Atanas Ivanov Razdolov (Macedonian and Атанас Иванов Раздолов; 1872–1931) was a socialist and anarchist revolutionary and writer from the region of Macedonia.

== Life ==
Born in Berovo, Ottoman Empire (present-day North Macedonia), as a young man, he left his hometown and settled in Kyustendil, Bulgaria. There he graduated from the Pedagogical School in 1895. He joined the Macedonian-Adrianople Social Democratic Group during this time. He later became a member of the Kyustendil Macedonian Society which was involved in the activity of the Supreme Macedonian-Adrianople Committee.

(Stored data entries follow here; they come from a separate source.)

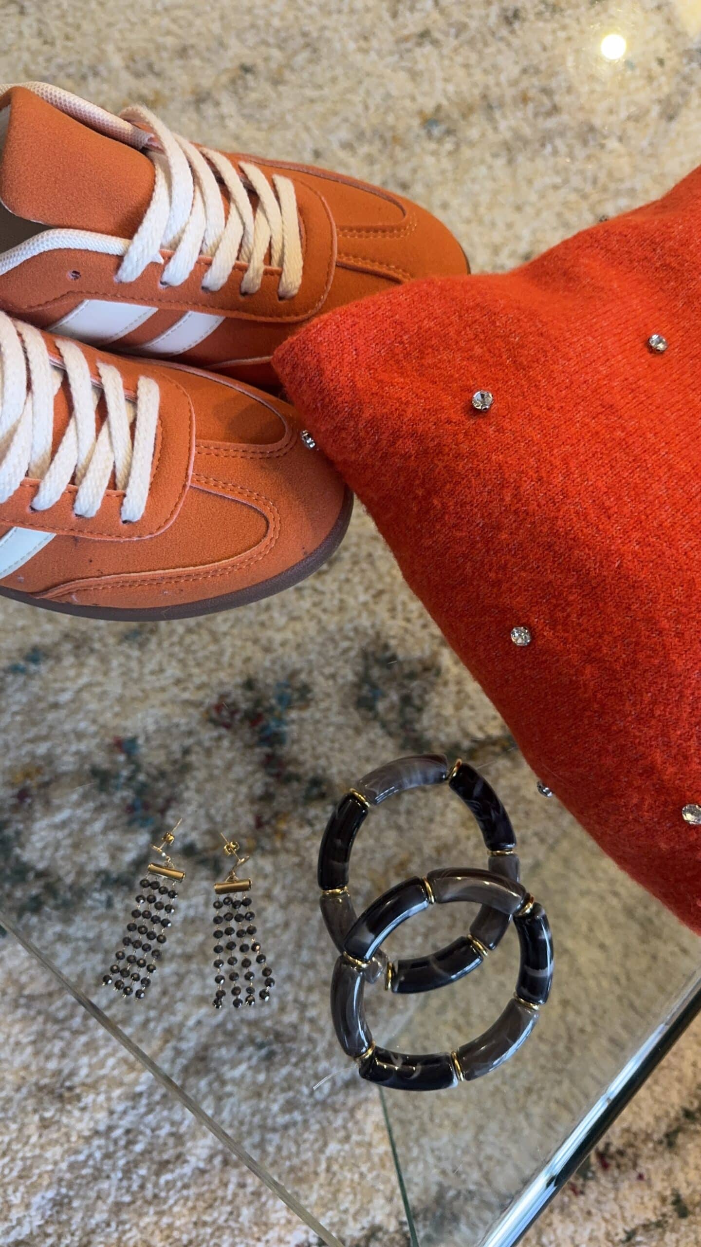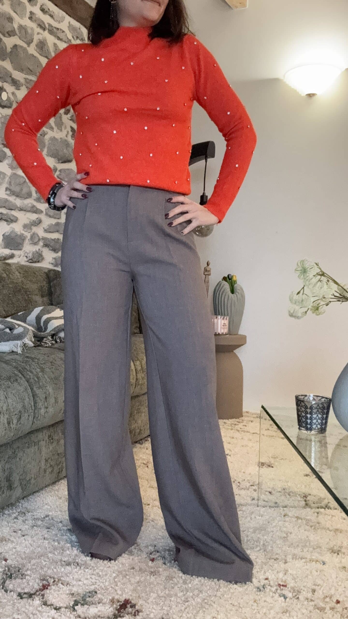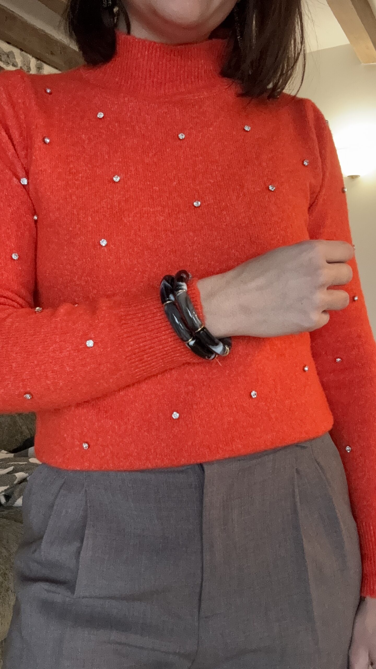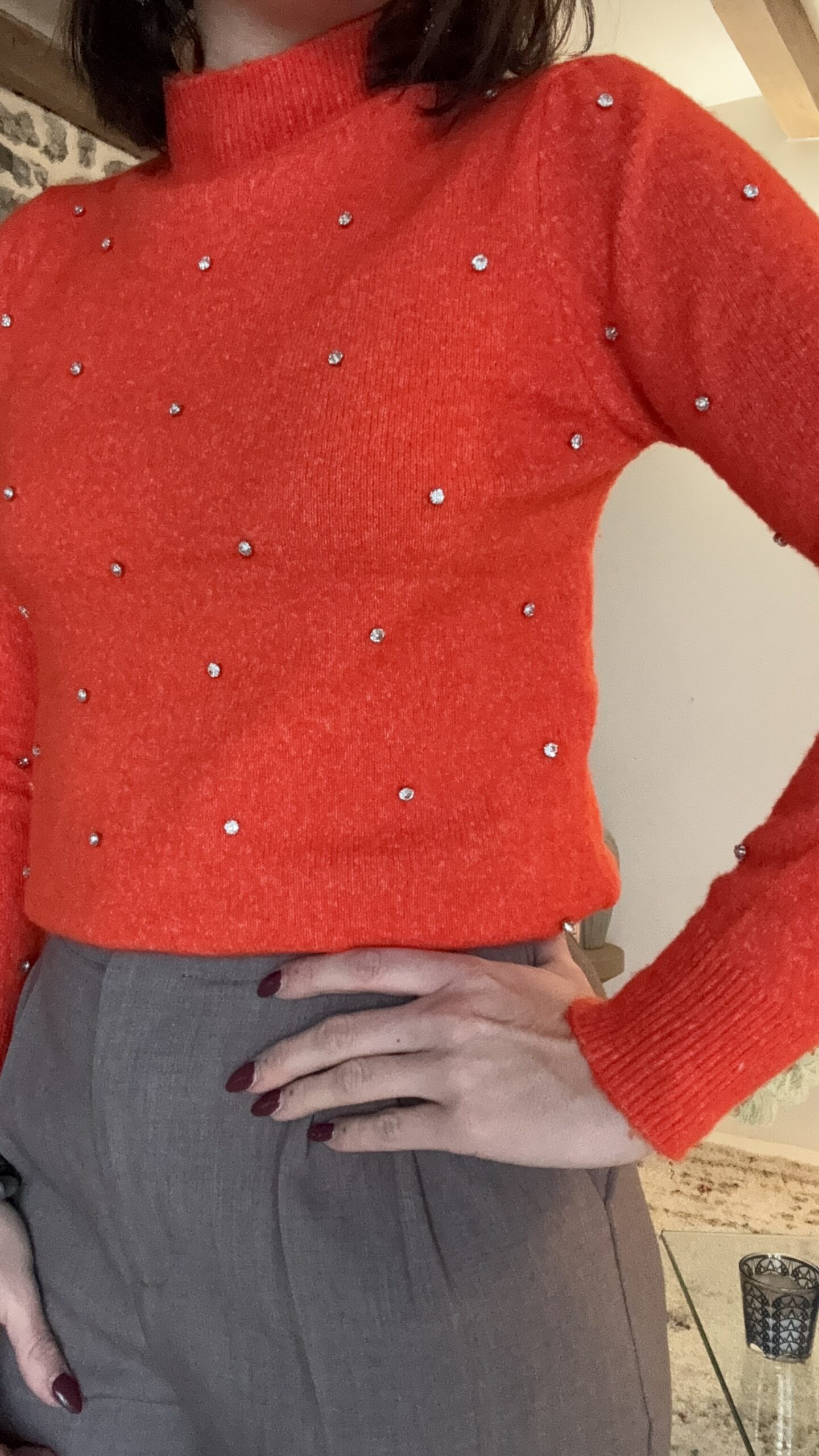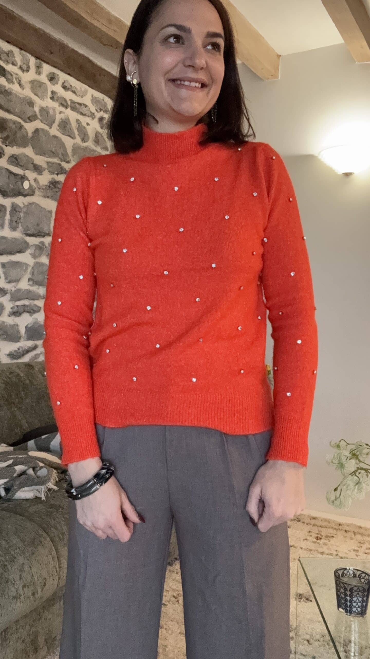 Pull orange à strass
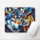 A vibrant colorful ai illustration of a wolf and an owl in a mosaic stained glass effect. A nice mouse pad for those who love wildlife.
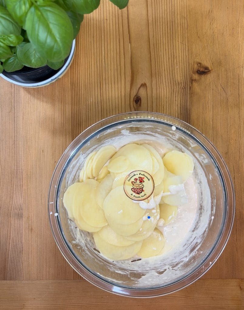 • Adicione as batatas cortadas bem fininhas e escorra com cuidado.
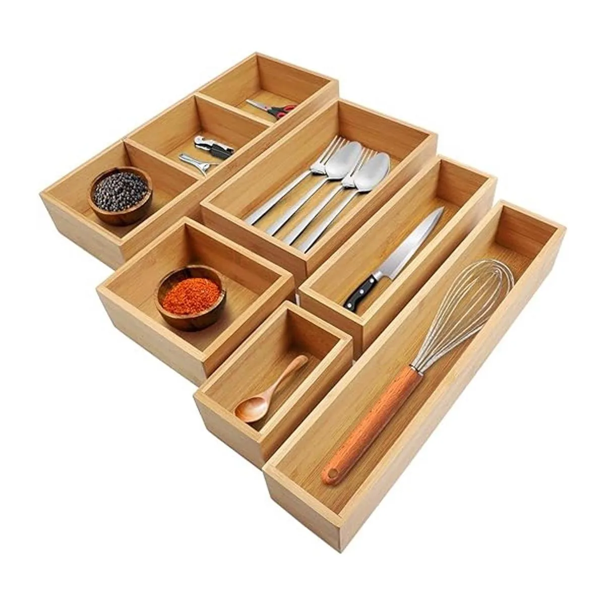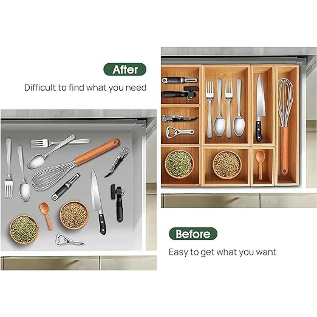 Kootek Organizador de cajones de cocina para utensilios, 6 piezas de 8 rejillas, organizador de cajones de bambú con separadores extraíbles para despensa, armario, escritorio y oficina
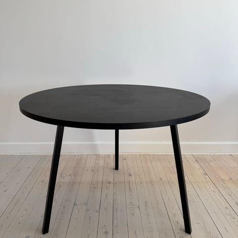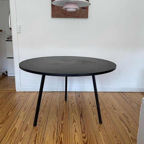 Hay about a table rundt - er blevet beskadiget. Kan fikset med lidt vilje. Kanterne har fået skader, stellet har også en dims der er knækket.
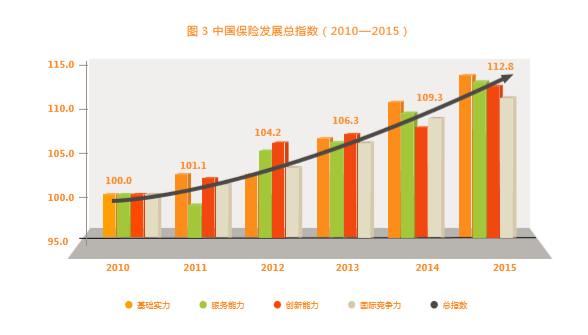 “2015 年中国保险发展指数”发布:十二五行业年均增长13.4%在今日举行的“7·8全国保险公众宣传日”主题活动上,中国保险行业协会发布“2015 年中国保险发展指数”报告。报告显示,2015年中国保险发展指数稳步增长,总指数为112.8,以2010年为100基数,比上一年增长了3.5个点。2011-2014年中国保险发展总指数提高幅度分别为1.1、3.1、2.1和3个点,增速在逐步提高。此外,报告还总结了我国保险业在“十二五”期间的五大进步,包括创新能力有提升,市场活力释放、金融结构改善以及服务大局有成效。【慧小保说】 希望行业协会能将该指数发布常态化,真实、客观地记录中国保险业发展的点滴,为保险行业发展、保险公司转型提供更多智力支持。
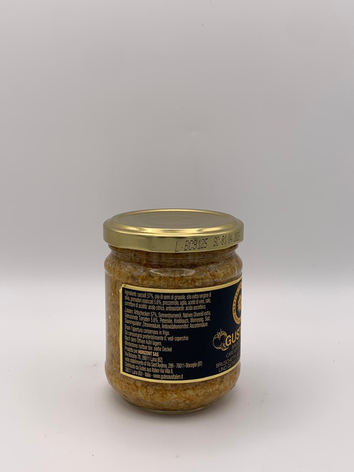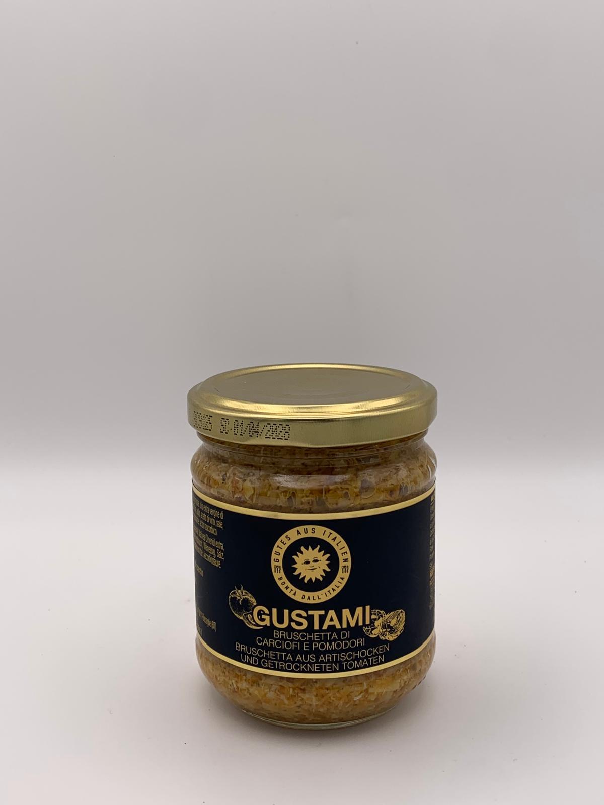 - „Gustami“ ist eine fein gewürzte Bruschetta, die Artischocken und duftende sonnengetrocknete Tomaten enthält.
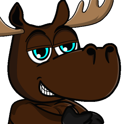 A cartoon moose with glowing blue eyes and a sly, conniving grin clasps its hands, exuding mischief.

In 1900, He moved to Bulgarian capital Sofia. In 1901, Atanas Razdolov, in an open letter to the chairman of the Supreme Committee, Boris Sarafov, criticized Prince Ferdinand I, and the committee's dependence on Bulgarian authorities. Razdolov believed that the Supreme Committee should work not for unification of Bulgaria and Macedonia but for Macedonian independence. As a result he was arrested. Disappointed with the activities of the Committee, he became radicalized and enrolled in the leftist Bulgarian Workers' Social Democratic Party. After General Ivan Tsonchev took control over the Supreme Committee, he joined the extreme left faction of the Internal Macedonian Revolutionary Organization. He worked alongside Gotse Delchev, who considered Razdolov's writings as part of the organization's propaganda. Atanas Razdolov participated in the Balkan Wars in the Macedonian-Adrianopolitan Volunteer Corps of the Bulgarian Army. He was enrolled in the 2nd Brigade of the Seventh Kumanovo Regiment. Razdolov is the author of books and brochures in Bulgarian language.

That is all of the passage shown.